In figure 2, we present this strength in three sequential snapshots of the two models (where the land-use measures are calculated at both the tract and zip code level) that show first the strongest links, then the links with an average strength, and finally all links. In reality, the user can select the link strength as a continuum and obtain the appropriate display at any stage, a case that cannot be replicated on paper because of obvious space limitations. For the zip code model in figure 2, the analyst has selected the mode choice node as the one node of interest. The nodes in black are the parent set of the mode choice child, and they are presented in order of influential strength. In fact, the algorithm also distinguishes among variables predicted by and predictive of the variable of interest (mode choice) with appropriately colored nodes (not shown).

It is interesting to explore these outputs of the models in more detail. As the calculation of the land-use variables is moved from tract to zip level, it can be seen that land-use variables have a weaker influence on mode choice and in fact the percentage of vacant land is even excluded from our resulting BBN. These results can be explained by the fact that at coarser spatial aggregation, each spatial unit becomes more and more homogeneous compared with other polygonal areas and there is less variation in land use across tracts.

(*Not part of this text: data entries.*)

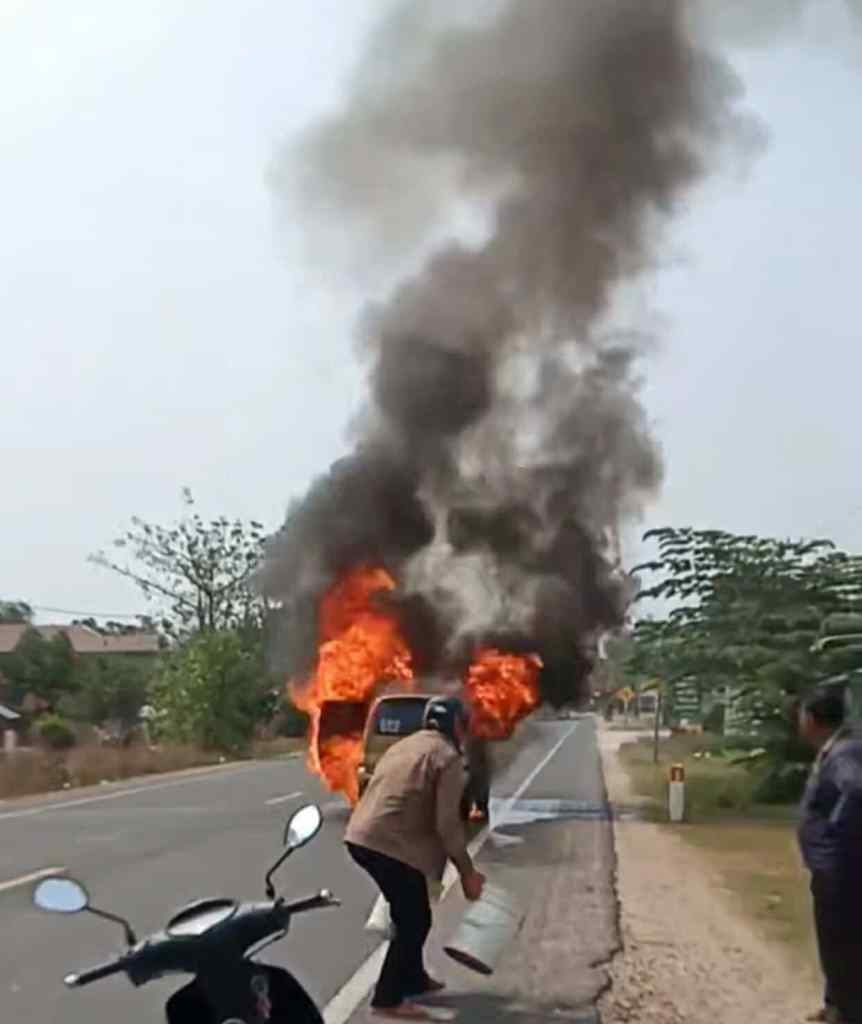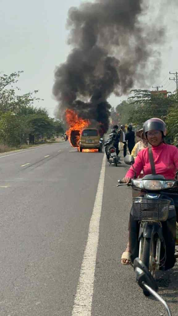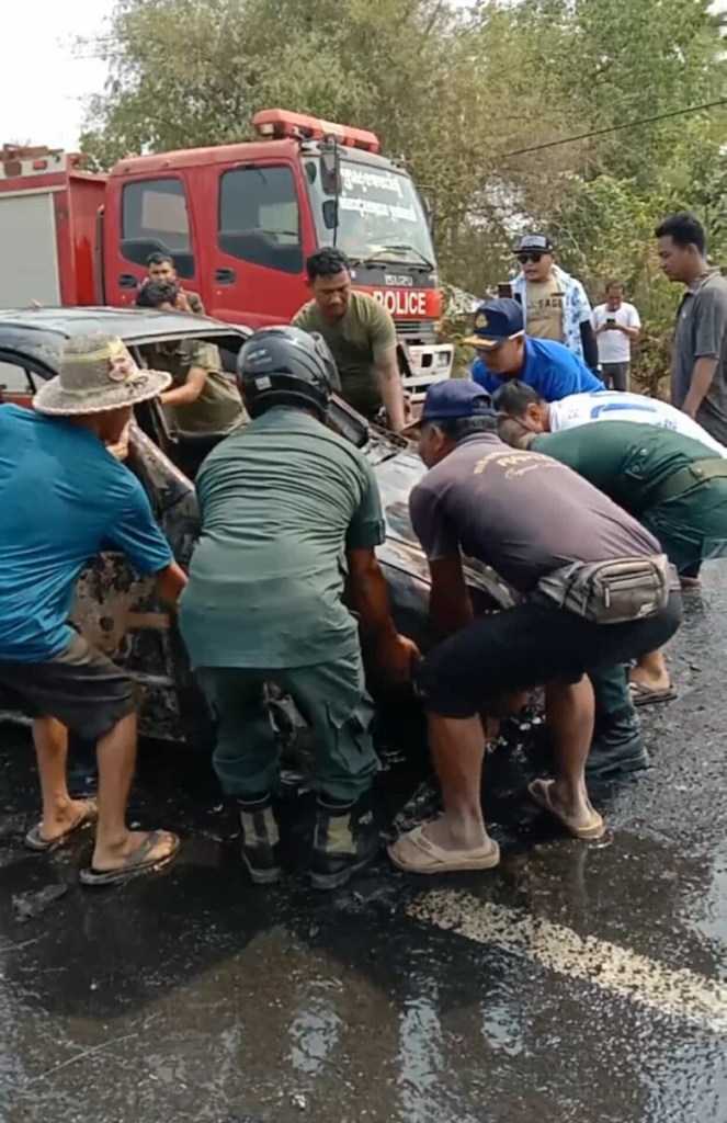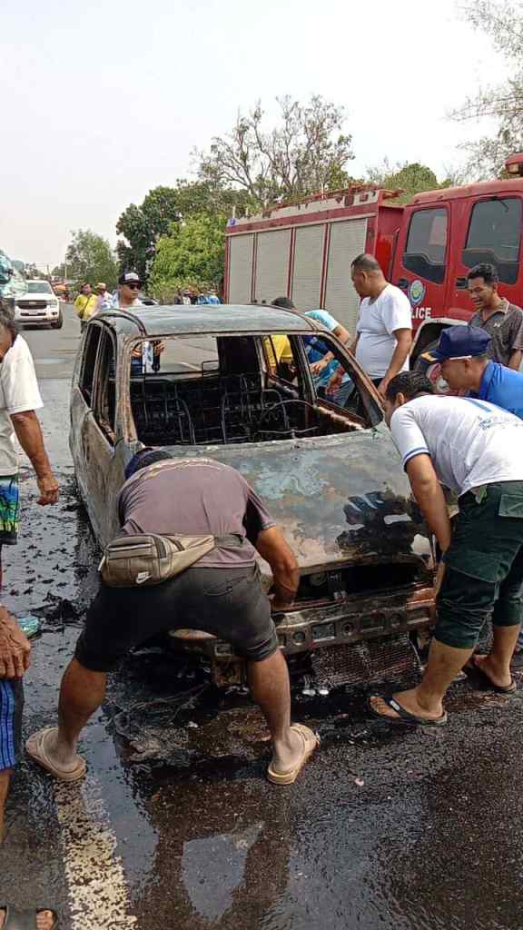 ប្រភពបន្តទៀតថា រថយន្តខាងលើនេះ ខណៈកំពុងបើកបរលើដងផ្លូវសុខៗ ស្រាប់តែម្ចាស់រថយន្ត បានចាប់ហ្វ្រាំងឈប់បន្ទាន់ រួចបើកទ្វារថយន្តរត់ចេញ ហើយស្រែកហៅឲ្យអ្នកស្រុក ជួយពន្លត់ភ្លើង តែមិនរលត់ ក៏ទូរសព្ទហៅសមត្ថកិច្ចនគបាលស្រុកស្វាយទាប ឲ្យជួយអន្តរាគមន៍ ។
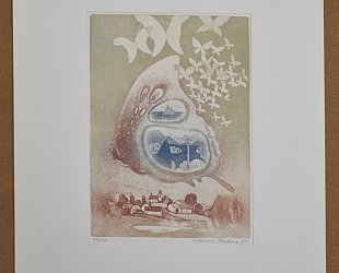 Barevný lept 30 x 21,5 cm. Signováno a datováno vpravo dole tužkou Zdenek Fuksa 85. List č. 47/90. Pasparta.
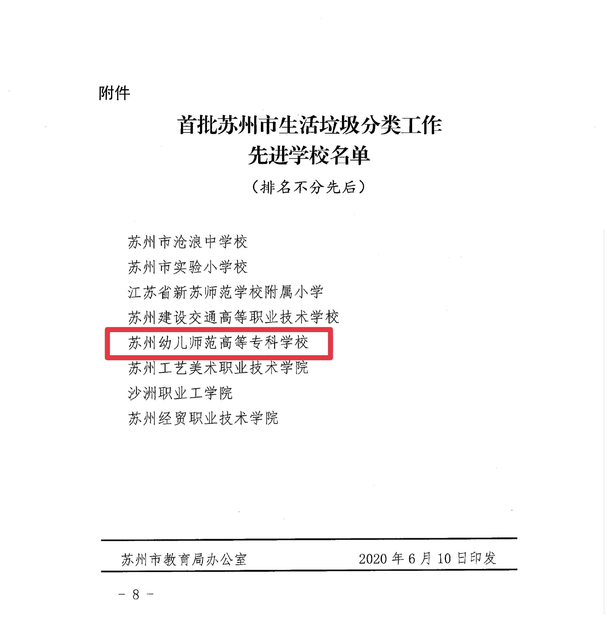 近日,苏州市教育局印发通知,我校荣获首批苏州市生活垃圾分类工作先进学校!
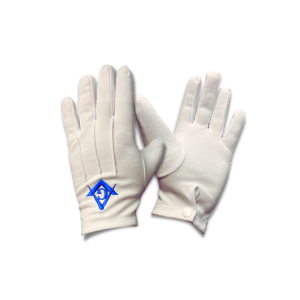 Masonic White 100% Cotton Gloves with Royal Blue Square & Compass and letter “G” Embroidery
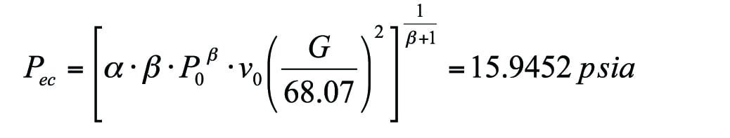 Second, calculate the Pec. The higher Pec than the vessel operation pressure of 14.7 psia means that the flow is choked at 15.9452 psia. So, the pipe inlet pressure should be calculated with the pipe outlet pressure of 15.9452 psia.

Although the goal of this paper is to present results as a proof of concept rather than an in-depth discussion of the land-use/travel behavior relationship, it is worth noting how the mode choice is influenced by the other variables. The strongest links associated with the choice of transportation are the availability of a private vehicle (condition sine qua non for driving), the driver status (having a license or not), age (another condition required to have a driving license), and how empty the landscape looks around the point of origin. This result is even more interesting if we consider that the land-use variable other includes agricultural land, which is critical in suburban or ex-urban conditions.

Figure 2 shows a limited sequence of how these links are progressively presented as part of the relationship structure; as the strength of the relationships weakens, we detect ethnicity, driver status, and the land-use variable of medium residential as also influencing mode choice. Household size, income, and number of commercial spaces were the least influential variables. These may be interpreted as important results, because they demonstrate that, despite their low income, poorer families also use private vehicles to a great extent. Weak relationships with income underscore the fact that low-income households rely on all modes of transportation, not just transit. It is only from the analysis of the conditional probability distribution (CPD) (table 4) that a broader interpretation for income is possible. Household size can be seen as a proxy for generating trips, but it is not a good predictor of mode choice and neither is the amount of commercial activity around the point of trip origin. This is a surprising result for those advocating mixed commercial uses around denser neighborhoods, but we will see later how this variable should in fact be grouped with other land-use variables.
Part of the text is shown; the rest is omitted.